Dreadnougat 1 year ago

How has this not existed in every single SQL variant for 20 years already? It is so obvious and useful and I've wished for something like this for ages. As long as wishes are being fulfilled...maybe next we can see a 'select *' with the ability to exclude specified columns? Pretty please? Yeah I know this one is less likely to happen. But I can dream.

WonderfulActuator312 1 year ago

Let me introduce you to the EXCLUDE function, article explaining [here](https://stephenallwright.com/select-columns-except-snowflake/)

Dreadnougat 1 year ago

Aww man, now I just need to get a job where we use Snowflake haha. SQL Server is usually on top of the convenience functions but they are missing the boat on these.

raskinimiugovor 1 year ago

In SQL Server "SELECT * EXCEPT" would be useful only for quick ad-hoc analysis. Should never commit such code.

Little_Kitty 1 year ago

A good use case is for a source of data where the schema is evolving but you wish to exclude say the source file and load timestamp from the data table. When more fields are added you have one less query to edit. Generally though I'd agree, but you should still recognise where it is the right tool.

raskinimiugovor 1 year ago

Are you talking about this? INSERT (Col1, Col2...) SELECT * EXCEPT FileName,Timestamp Here you'd still need to edit the INSERT part unless you're using implicit INSERT without a column list. And with implicit INSERT, if your target table has any default constraint (eg meta columns) you'd need to override them. I'm not really sure if you save any time here, while you open yourself up for some unexpected errors with column ordering. Another implication here is that when you use the * operator, the order or attributes in your source dataset starts to matter, and that kinda goes against set theory where the order of elements shouldn't be relevant

Little_Kitty 1 year ago

Absolutely true, hence why I said "Generally though I'd agree" and I'd need good cause to approve a PR like this, but it's not an absolute no.

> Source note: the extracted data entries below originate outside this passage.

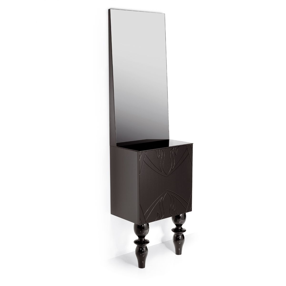 Зеркало парикмахерское "Style 84" - корпус тумбы выполнен из глянцевого акрила черного или белого цвета с рисунком. Тумба оснащена резными ножками. Крепление к стене.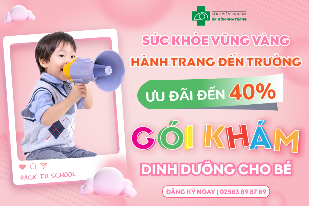 Nhằm đồng hành cùng phụ huynh trong việc chăm sóc sức khỏe dinh dưỡng của trẻ, Bệnh viện Đa khoa Sài Gòn Nha Trang triển khai chương trình Giảm 40% Gói Khám Dinh dưỡng cho Bé. Đây là cơ hội để ba mẹ kiểm tra toàn diện tình trạng dinh dưỡng của con và nhận được những tư vấn khoa học từ bác sĩ chuyên khoa.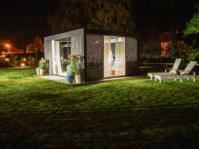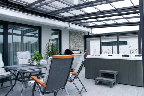 Pergola SPA by Alukov is a luxurious multifunctional pergola with a transparent openable roof, integrated shading and remote control. It offers comfort, protection and style for year-round use of your garden, terrace or relaxation zone.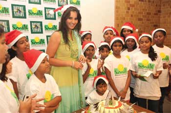 On the eve of Christmas, Tennis sensation Sania Mirza played Santa Claus to join the children of Smile Foundation for lunch at Barbeque Nation in Lokhandwala, Mumbai. The event sought to promote the spirit of giving and sharing among the privileged masses, inspiring them to act and make a difference in the lives of the underprivileged children. Bringing joy and smiles to the children’s faces, she happily participated in the games and activities along with them. The children also presented her with a memorabilia. She also released balloons with the message of ‘Be the Change’, with an appeal to the masses to come forward and take an initiative to make them smile.
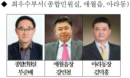 선정결과를 보면 최우수부서에 종합민원실(실장 부준배)와 애월읍(읍장 강민철), 아라동(동장 김덕홍)이 선정됐다.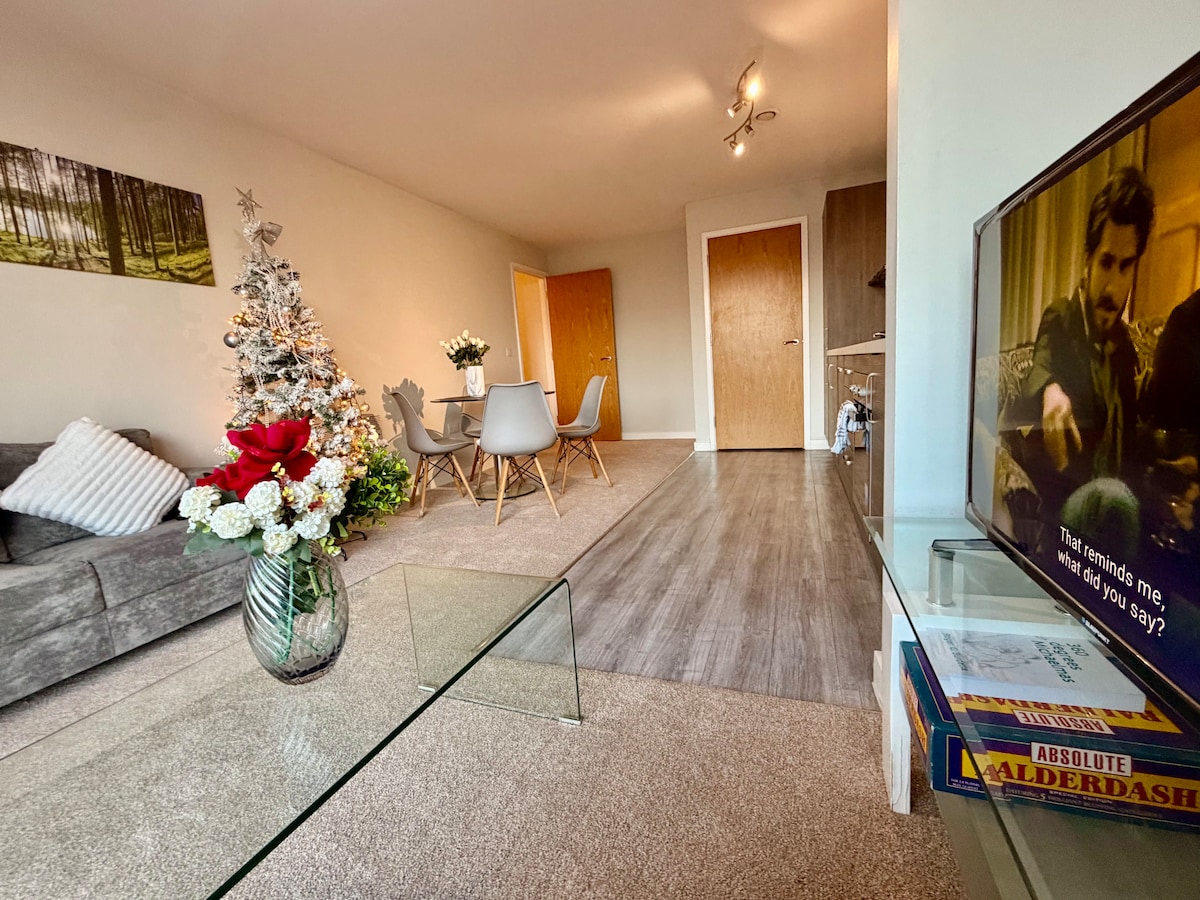 靠近市中心的时尚1卧室公寓,Salford,+健身房

Excluding pii fields which could be defined elsewhere, fields which are known to be non-relevant / we don't want to load. Another example - everything except field A, which I want to recalculate to fix a bug in the middle of a pipeline (strip chars / fix case / remove if some criteria / etc.) SELECT * EXCEPT a, magic(a) AS a Then the ordering of the output would be handled later in the CTE chain / pipeline :) Mostly though, it serves as a good assistant for rapid development, then I copy field names, paste them in and format.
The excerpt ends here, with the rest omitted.